In the examples of FIGS. 1 and 2, the first portion 1101A of the first radiating portion 1101 has an axisymmetric shape (rectangular in FIG. 2), the second portion 1101B of the first radiating portion 1101 is strip-shaped, and the second portion 1101B extends from the first portion 1101A to the edge of the display substrate along an axis of symmetry of the first portion 1101A. In a direction perpendicular to the extending direction of the second portion 1101B, a width of the second portion 1101B is smaller than a width of the first portion 1101A. In addition, in the examples of FIGS. 1 and 2, the grounding portion 1102 is a rectangle with an area larger than the first radiating portion 1101. However, the embodiments of the present disclosure are not limited to thereto, shape and size of the first radiating portion 1101 and shape and size of the grounding portion 1102 may be set as required, which will be described in further detail below.

FIG. 3a illustrates a cross-sectional view of the display substrate along line AA in FIG. 2 according to an embodiment of the present disclosure.
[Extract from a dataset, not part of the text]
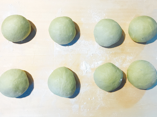 ガスを抜き8分割にして、濡れ布巾を掛けベンチタイム15分。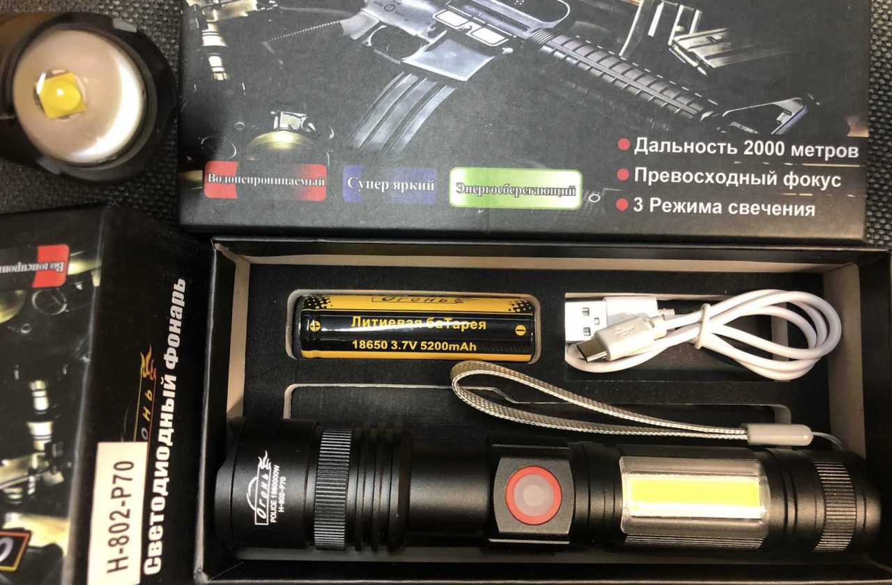 Фонарь подствол H-186-P50 + кнопка на шнурке 1*18650+С/АЗУ+касета 3*ААА ФОТО

FIG. 3b illustrates a cross-sectional view of the display substrate along line BB in FIG. 2 according to an embodiment of the present disclosure.

As shown in FIGS. 3a and 3b, in addition to the antenna unit 110, the display substrate 100 includes a substrate 20, a polarizing layer 30, a common electrode layer 40 and a light shielding layer 50. The polarizing layer 30 is disposed on a light-emitting side of the substrate 20, the common electrode layer 40 is disposed on a light-incident side of the substrate 20, and the light shielding layer 50 is disposed on a side of the common electrode layer 40 away from the substrate 20. The substrate 20 may be made of a light-transmitting material such as glass, and the substrate 20 is configured to transmit light on the light-incident side to the light-emitting side. The polarizing layer 30 may be a polarizing plate for polarizing light emitted from the substrate 20. The common electrode layer 40 may include a common electrode that is configured to cooperate with electrodes on the display substrate to achieve displaying. The light shielding layer 50 may include a black matrix.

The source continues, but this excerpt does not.